# What the exercise asks:
Extract each line of the material that follows exactly and omit its pictures.

# Supplied material:
—————

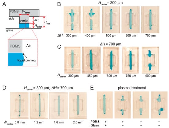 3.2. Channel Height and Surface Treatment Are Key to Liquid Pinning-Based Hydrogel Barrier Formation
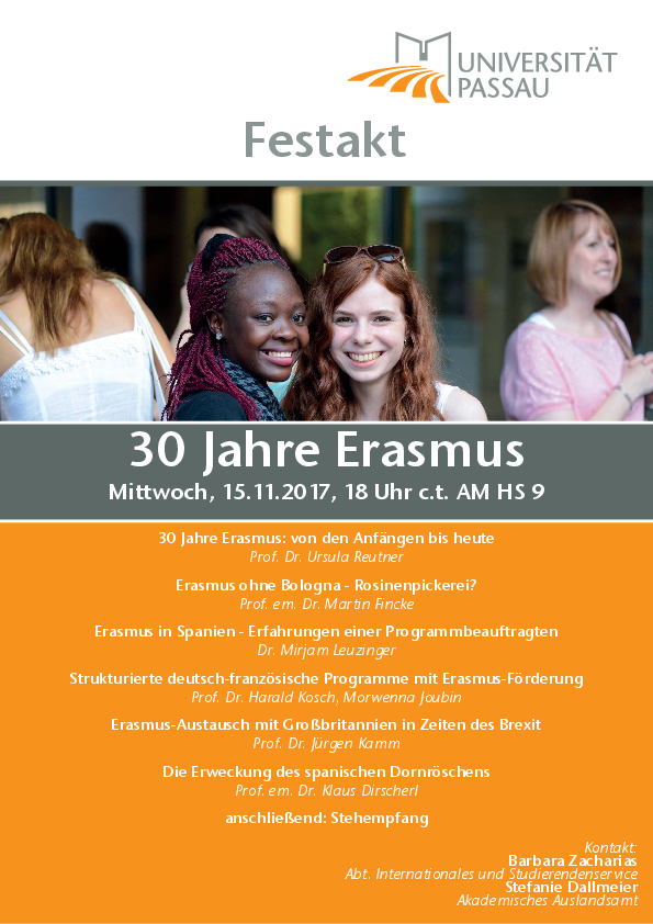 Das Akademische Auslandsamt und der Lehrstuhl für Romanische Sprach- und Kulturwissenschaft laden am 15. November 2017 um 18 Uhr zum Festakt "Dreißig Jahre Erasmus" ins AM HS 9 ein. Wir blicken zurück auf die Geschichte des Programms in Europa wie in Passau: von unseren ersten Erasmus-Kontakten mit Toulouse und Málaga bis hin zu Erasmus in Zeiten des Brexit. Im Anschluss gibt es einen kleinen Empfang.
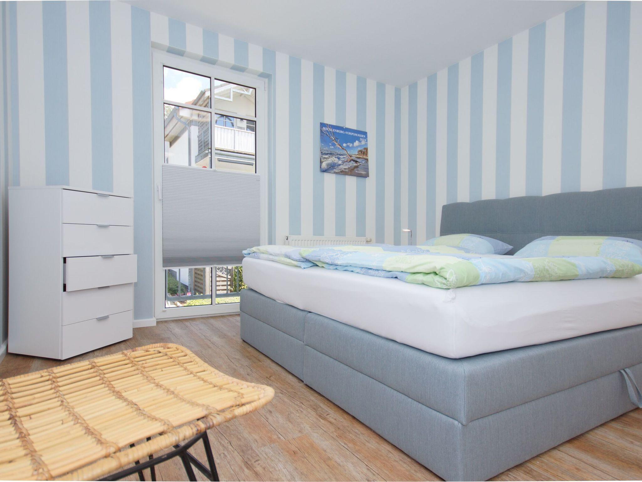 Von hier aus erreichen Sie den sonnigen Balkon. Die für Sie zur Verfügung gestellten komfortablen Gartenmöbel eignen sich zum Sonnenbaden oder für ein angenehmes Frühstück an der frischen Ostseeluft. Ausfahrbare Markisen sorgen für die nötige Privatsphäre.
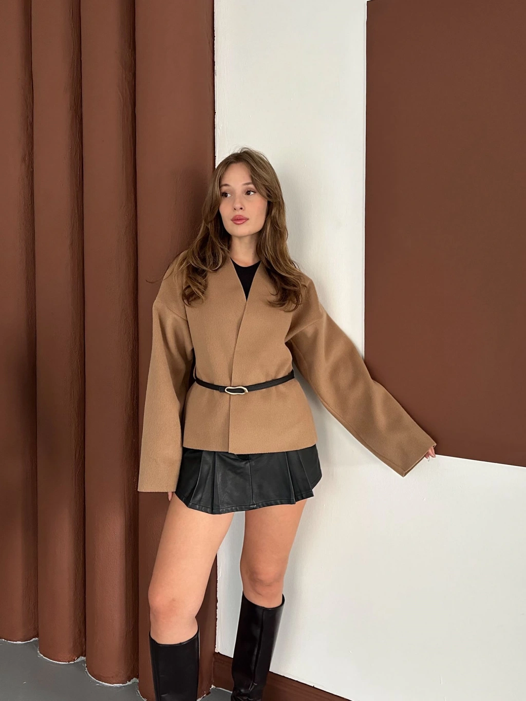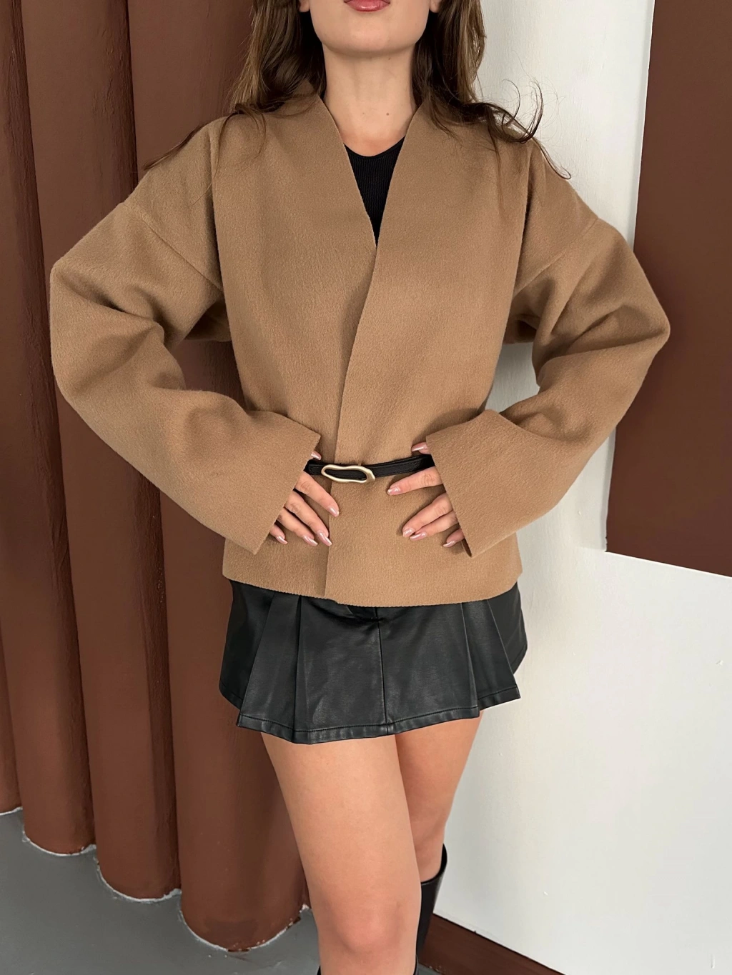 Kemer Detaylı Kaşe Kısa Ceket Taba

—————

# Output of the exercise:
 3.2. Channel Height and Surface Treatment Are Key to Liquid Pinning-Based Hydrogel Barrier Formation
 Das Akademische Auslandsamt und der Lehrstuhl für Romanische Sprach- und Kulturwissenschaft laden am 15. November 2017 um 18 Uhr zum Festakt "Dreißig Jahre Erasmus" ins AM HS 9 ein. Wir blicken zurück auf die Geschichte des Programms in Europa wie in Passau: von unseren ersten Erasmus-Kontakten mit Toulouse und Málaga bis hin zu Erasmus in Zeiten des Brexit. Im Anschluss gibt es einen kleinen Empfang.
 Von hier aus erreichen Sie den sonnigen Balkon. Die für Sie zur Verfügung gestellten komfortablen Gartenmöbel eignen sich zum Sonnenbaden oder für ein angenehmes Frühstück an der frischen Ostseeluft. Ausfahrbare Markisen sorgen für die nötige Privatsphäre.
 Kemer Detaylı Kaşe Kısa Ceket Taba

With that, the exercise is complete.